According to our guy that took the pics, it wasn't damaged all that badly, definately needs repair, but the ground was so soft that it mostly just got piledrove into the mud. The ground being that soft should have maybe clued them into the fact that setting up a crane there wasn't so smart?


----------



## Crofter (Oct 7, 2004)

Looks like a good possibilty of clashing the booms together when the tipsy one falls back on its feet if they dont crib it and let it down easy. Looks more like get rid of the evidence quick instead of an engineered recovery. A lot of small companies work right up to tipping capacity and the hell with the rated load at that reach (which would include a safety factor) Once it gets to be established practice in the area, anyone who tries to stay within the rated loads gets shunned in favour of the risk takers. I have a friend I do some work for that is caught in this position with his boom truck. He is worried sick every time it leaves the yard. It is an 8 tonner doing 15 ton work!


----------



## alanarbor (Oct 7, 2004)

Just to clarify... They weren't even taking a pick at that point when the crane went over. There was no load on the boom. I looked at the site today with all the equip. out, and it was a mud pit. They just picked a really lousy set up.


----------



## MasterBlaster (Oct 7, 2004)

Wow. That's even stupider. Somebody got lucky that day.


----------



## alanarbor (Oct 7, 2004)

Yeah, our guy with the camera! Notice....not 1 hard hat in all those pitchers.
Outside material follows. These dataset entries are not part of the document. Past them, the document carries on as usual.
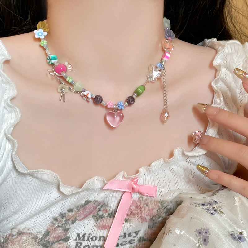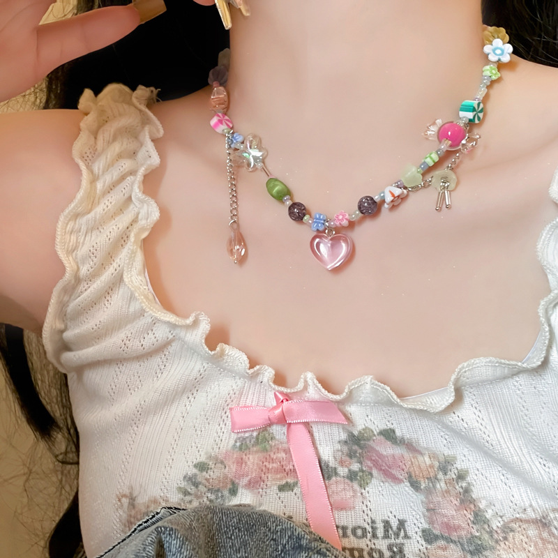 蜜桃粉!夏日多巴胺爱心糖果项链女小众设计甜酷辣妹锁骨链脖颈链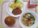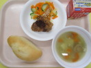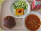 | ぶどうパン 豚肉のバーベキューソース 花野菜のミモザサラダ トマトスープ 牛乳 |
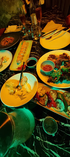 Попали туда случайно на Мой ДР, 9.08.23. Были очень удивлены дизайном, очень красиво, стильно, не нагруженно. Столы из искусственного мрамора (дого-богато). Внутри 5 просторных зон, сцена и танцпол. Плюс отдельно vip зал с караоке на 10-12 человек и летник на улице. Итого 7 зон. Каждый день живая музыка, у нас пела девушка с отличным репертуаром. Весь вечер поддерживала атмосферу. Обслуживал на в зоне на подиуме парнишка, очень вежливый и учтивый, не помню имени. По блюдам брали салат ЦЕЗАРЬ - листья Айсберга настоящие не капуста, соус вкусный, приятный, но мне его было мало (показалось суховато) при том что порция средняя, роллы Калифорния - не жирные, рис не слипшийся, сыр нежный, рыба свежая (толщина приемлемая), Паста пенне и соус Болоньез - ооочень вкусно, соус в меру с кислинкой и душистым ароматом трав, Цыплёнок на гриле с листьями салата и черри - действительно Цыплёнок , а не взрослая, старая🐔. Мясо сочное, с ароматом гриля, очень вкусно. Из алкоголя взяли розовое игристое вино (произ-ва РФ) SANTO STEFANO совсем не плохое👍🏿. По акции (по средам дали вторую бутылку в подарок). По итогу вечер прошёл отлично, дожидаться 12 ночи не стали, в это время на сцене поздравляют именинников. В добавок забронировали ВИПку...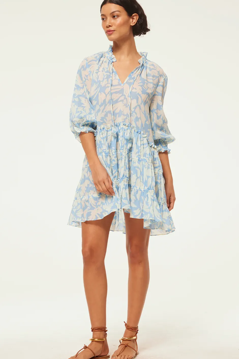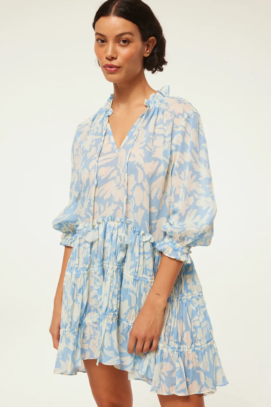 The Nita dress is the perfect effortless mini silhouette for this season and beyond. Handcrafted from a breezy Patmos Sky printed cotton, it features a split v-neckline with a delicate ruffle neck detail and our signature petal ties. Three-quarter sleeves are finished with ruffle-trimmed cuffs. This intentionally oversized weekday to getaway style is finished off with a ruched ruffle hem.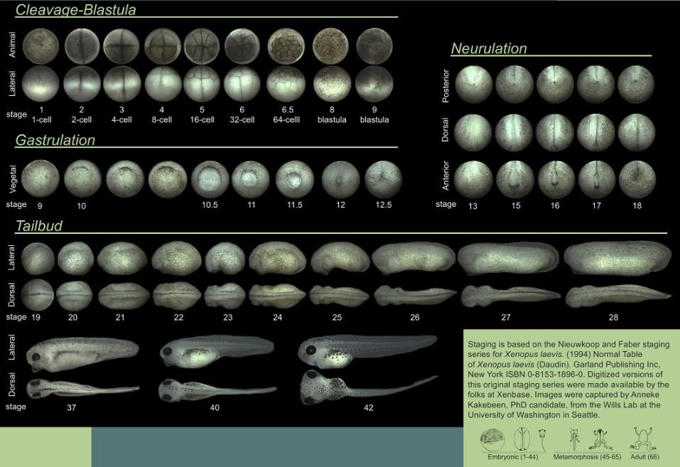 In this figure, we present a staging series for embryonic Xenopus tropicalis. Stages were broken into four major modules: cleavage, gastrulation, neurulation, and tailbud stages. Both animal and lateral views are shown to highlight the appearance of animal blastomeres as well as the pigment distinctions between animal and vegetal blastomeres. Gastrulation is shown as a continuum from stages 9 to 12.5. Neurulation comprises stages 13 to 18, and staging of this process is primarily predicted from lateral proximity of neural folds to one another in the dorsal view and closure of neural folds in the anterior view. When the neural fold finishes zippering, the embryo begins to elongate. During early tailbud stages (19â24) the embryo develops morphologically wellâdefined anterior structures including the pharyngeal arches, sensory placodes, and eyecup, while elongating along the anteriorâposterior axis. Elongation, development of tailfin, resecting of gut, and development of refined organs then takes place over the rest of tailbud and early tadpole development. The lateral view is best used for staging by looking at the gut morphology, eye morphology, and body elongation. The dorsal view is best used to look at development of arches and elongation

I'm willing to bet our guy was wearing his though


----------



## NeTree (Oct 7, 2004)

Darwinism at work... almost.


----------



## BigJohn (Oct 14, 2004)

Alan you working for the care of trees?


----------



## murphy4trees (Oct 15, 2004)

Heard of a similar accident in a yard... no load... just setting up to move some wood and over goes the crane... And the moral of the story is....?????


CYA 


Set it up right... every time


----------



## alanarbor (Oct 15, 2004)

yeah John, I do. Live in pottstown too.


----------



## BigJohn (Oct 15, 2004)

Thats cool Alan, I never put the two together. I can remember Mike talking about an Alan.


----------



## xander9727 (Oct 15, 2004)

I'd much rather have a crane than a boom truck. Their outriggers never seem to go out far enough or be large enough. I'd take a 18 ton crane over a 25 ton boom truck anyday. I rent cranes with operators that have a lot of tree experience. I don't like to "cold call" crane companies. I usually ask other people which company and operators they use. A poor operator can make for a very stressful and long day. A large crane with a skilled operator can make the the most difficult take down an enjoyable day.


----------



## treesurgeon (Oct 24, 2004)

for sale: crane truck
chipper 
tahoe
like new, some dents. best offers only


----------



## Climbing mike (Nov 12, 2004)

Its weird they put down plywood because the ground was to soft for the 10 tire on the crane but no support on the 4 outriggers that hold more weight than that.

Mike


----------



## Yellowdog (Nov 21, 2004)

did you notice the radiator screen on the chipper? that thing would end up running hot!


----------



## xander9727 (Nov 21, 2004)

Looks like a pattern of careless decisions.


----------



## seanlarkin (Dec 1, 2004)

Alan Arbor,

I tried to PM you, but haven't gotten a response. Please PM, email or call me when you get a minute. Thanks.

-Sean


----------